Data Architecture¶
Documentation covering data architecture for CytoTable.
Sources¶
Data sources for CytoTable are measurement data created from other cell biology image analysis tools.
See below for a brief overview of these sources and data types.
CellProfiler generates CSV and SQLite databases data.
Cytominer-database generates SQLite databases (which includes table data based on CellProfiler CSV’s mentioned above).
DeepProfiler generates NPZ data.
Data structure¶
Compartments and Images¶
Data are organized into tables of generally two categories:
Images: Image tables generally include data about the image itself, including metadata.
Compartments: Compartment data tables (such as Cytoplasm, Cells, Nuclei, Actin, or others) includes measurements specific to an aspect or part of cells found within an image.
Identifying or Key Fields¶
Identifying or key fields for image and compartment tables may include the following:
TableNumber: Provides a unique number based on the file referenced to build CytoTable output to help distinguish from repeated values in ImageNumber, ObjectNumber or other metadata columns which are referenced. Typically useful when using multiple SQLite or CSV-based source datasets.
ImageNumber: Provides specificity on what image is being referenced (there may be many).
ObjectNumber: Provides specificity for a specific compartment object within an ImageNumber.
Parent_Cells: Provides a related Cell compartment ObjectNumber. This field is canonically referenced from the Cytoplasm compartment for joining Cytoplasm and Cell compartment data. (see Cytoplasm Compartment Data Relationships below for greater detail)
Parent_Nuclei: Provides a related Nuclei compartment ObjectNumber. This field is canonically referenced from the Cytoplasm compartment for joining Cytoplasm and Cell compartment data. (see Cytoplasm Compartment Data Relationships below for greater detail)
Relationships¶
Image Data Relationships¶
erDiagram Image ||--o{ Cytoplasm : includes Image ||--o{ Cells : includes Image ||--o{ Nuclei : includes Image ||--o{ Others : includes
The above diagram shows an example of image data relationships found within the data that is used by CytoTable.
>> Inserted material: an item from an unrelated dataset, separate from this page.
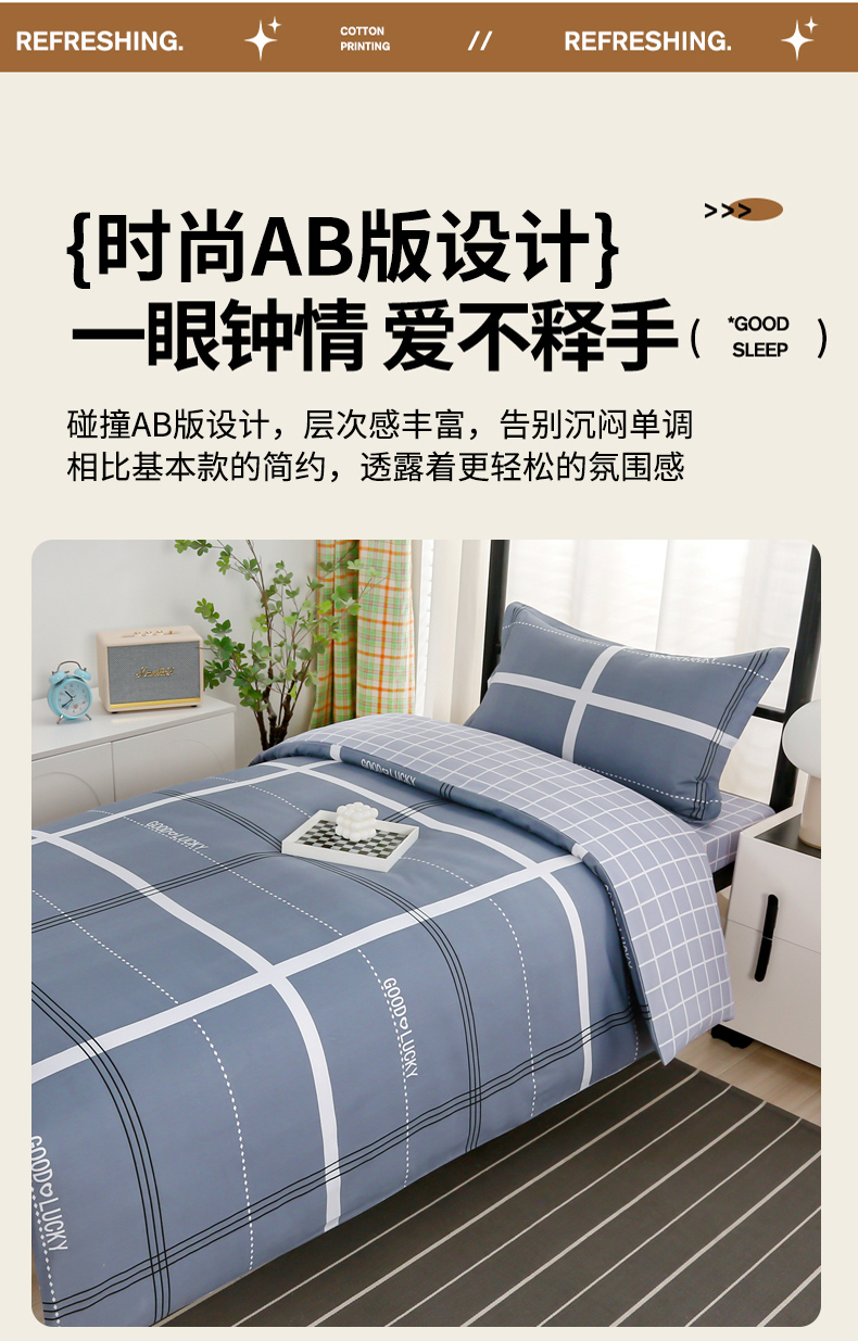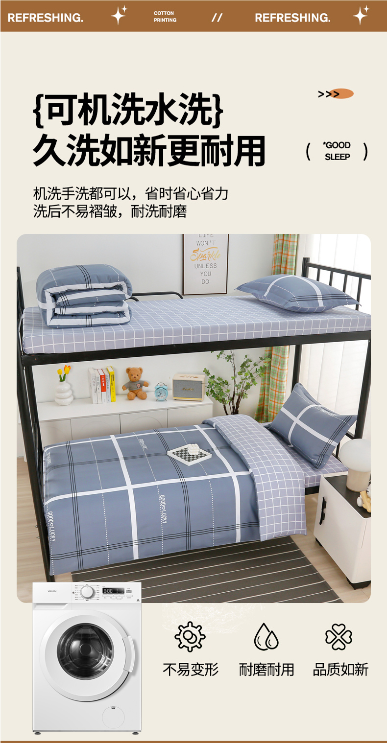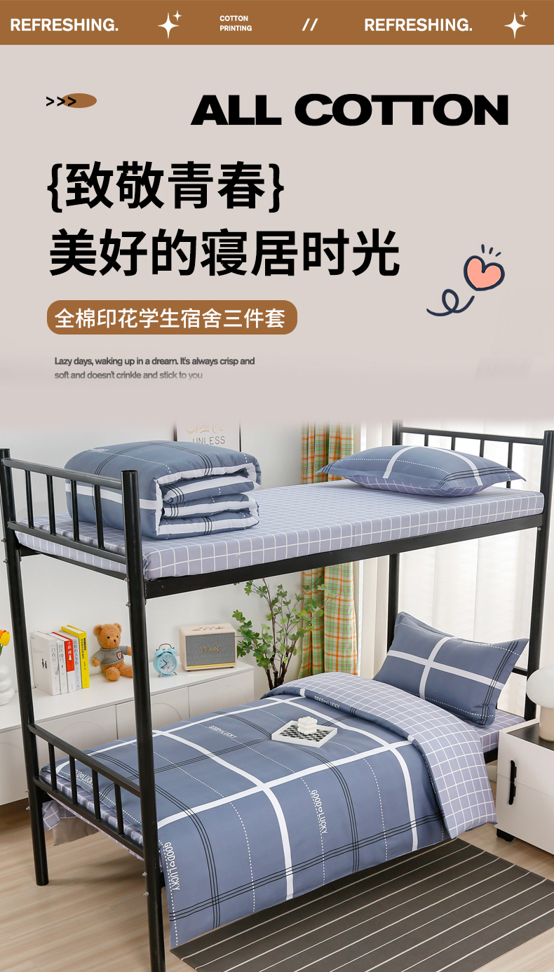当前位置: 91家纺网 > 商品网购 > 床品套件 > 多件套 > 多件套 > 乐旗家纺 2025新款A类AB版全棉环保印花学生上下铺宿舍三件套六件套 校园风格

Namely: Each image may include zero or many compartment objects (Cytoplasm, Cells, Nuclei, etc)objects.
Cytoplasm Compartment Data Relationships¶
erDiagram Cytoplasm { integer ObjectNumber "Cytoplasm object number within image" integer Parent_Cells "Related Cells compartment object number" integer Parent_Nuclei "Related Nuclei compartment object number" } Cells { integer ObjectNumber "Cells object number within image" } Nuclei { integer ObjectNumber "Nuclei object number within image" } Cells ||--|| Cytoplasm : related-to Nuclei ||--|| Cytoplasm : related-to
The above diagram shows canonical relationships of the Cytoplasm compartment data to other compartments found within the data that is used by CytoTable. Each Cytoplasm object is related to Cells via the Parent_Cells field and Nuclei via the Parent_Nuclei field. These Parent_* fields are ObjectNumbers in their respective compartments.